Despite the reassurance of the standing invitation, he lived in the fear that one Sunday he’d arrive at Madame Morgenstern’s to find another man at the table, some mustachioed captain or tweed-vested doctor or talented Muscovite choreographer-some cultivated forty-year-old with a cultural fluency that Andras could never match, and a knowledge of the things that gentlemen were supposed to know: wines, music, ways to make a woman laugh. But the terrifying rival never appeared, at least not on Sunday afternoons; that fraction of the Morgenstern week seemed to belong to Andras alone.
Outside the household on the rue de Sévigné, life went on as usual-or what had come to seem usual, within the context of his life as a student of architecture in Paris. His model progressed toward completion, its walls already cut from the stiff white pasteboard and ready for assembly. Despite the fact that it was now as large as an overcoat box, he’d begun carrying the model to and from school each day. This was due to a recent spate of vandalism, directed only, it seemed, at the Jewish students of the École Spéciale. A third-year student named Jean Isenberg had had a set of elaborate blueprints flooded with ink; a fourth-year, Anne-Laure Bauer, had been robbed of her expensive statics textbooks the week before an exam. Andras and his friends had so far escaped unscathed, but Rosen believed it was only a matter of time before one of them became a target. The professors called a general assembly and spoke sternly to the students, promising severe consequences for the perpetrators and imploring anyone with evidence to come forth, but no one volunteered any information. At the Blue Dove, Rosen advanced his own theory. Several students were known to belong to the Front de la Jeunesse and a group called Le Grand Occident, whose professed nationalism was a thin cover for anti-Semitism.
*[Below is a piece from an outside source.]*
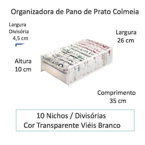 Para que serve Este organizador serve para armazenar e organizar diversos itens como, por exemplo: - Para panos de prato; - Para organizar camisetas, jaqueta infantil, bermuda de malha, moletom infantil, pijama infantil, biquinis sem bojo, leggings, toalha de mesa e rosto dentre outros; - Perfeito para armazenar Camisetas Femininas e Masculinas Esse prático kit possui 2 organizadores colmeias com 10 dez nichos cada, divisórias, para facilitar a organização de gavetas e do armário, na sua cozinha / copa e no se quarto. Confeccionada em plástico transparente, ela facilita a visualização das peças para que suas peças fiquem sempre protegidas. Otimize seu espaço e guarde as peças em um mesmo lugar, que podem ser levadas inclusive em viagens e encontros com amigos e grupos. Marca: Não Informado
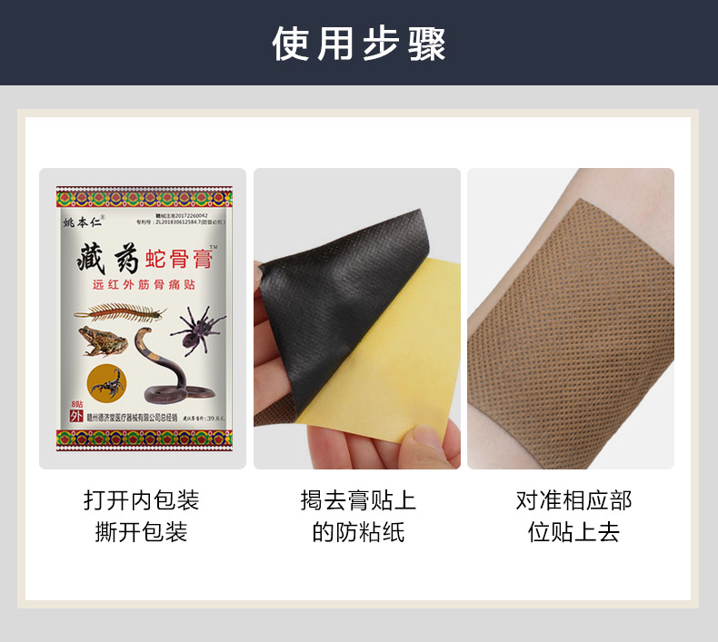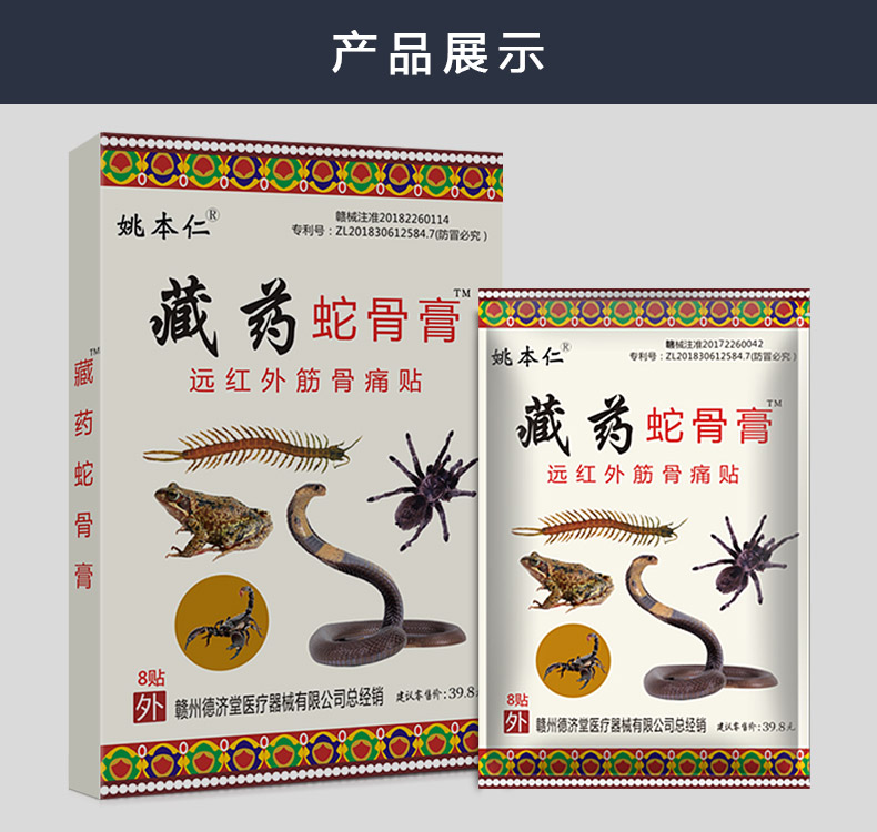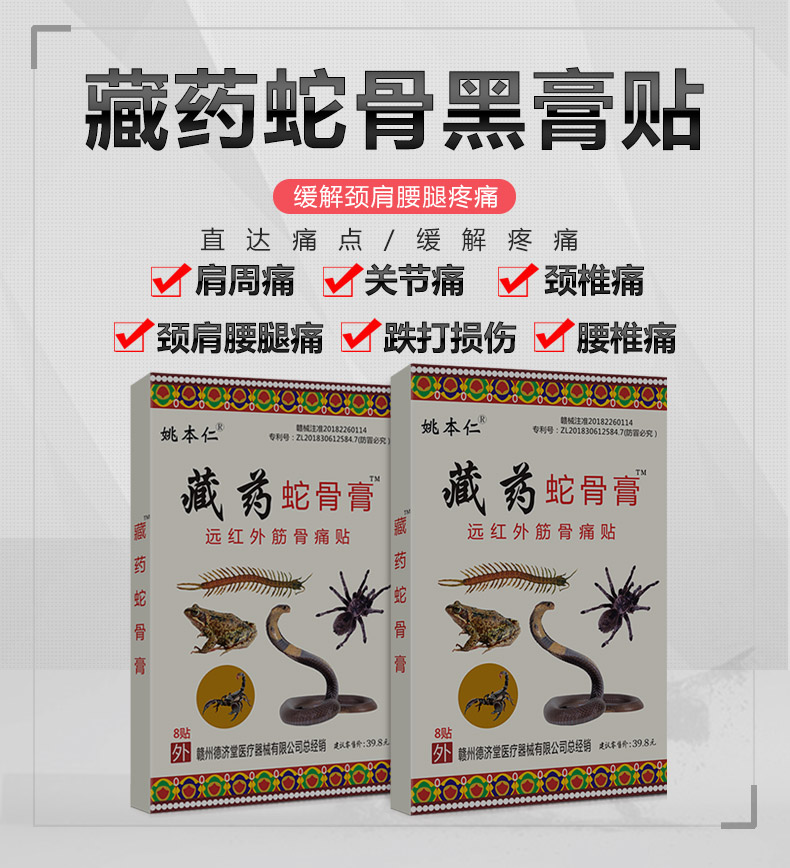 【姚本仁旗舰店药店同售】藏药蛇骨贴舒筋活络、祛风镇痛,主治肩周炎、关节痛、腰间盘突出、颈椎痛、风湿痛等。藏药蛇骨贴渗透力强,有效成分直达痛点

“That weasel Lemarque is a Jeunesse stooge,” Rosen said over his almond biscuits and coffee. “I’d bet he’s behind this.”
“It can’t be Lemarque,” Polaner said.
“Why not?”
Polaner flushed slightly, folding his slim white hands in his lap. “He helped me with a project.”
“He did, did he?” Rosen said. “Well, I think you’d better watch your back. That little salopard would just as soon slit your throat as bid you bonjour.”
“You won’t make friends by setting yourself against everyone,” said the politic Ben Yakov, whose chief preoccupation seemed to be to get as many people as possible to admire him, both male and female.
“Who cares?” said Rosen. “This isn’t a tea party we’re talking about.”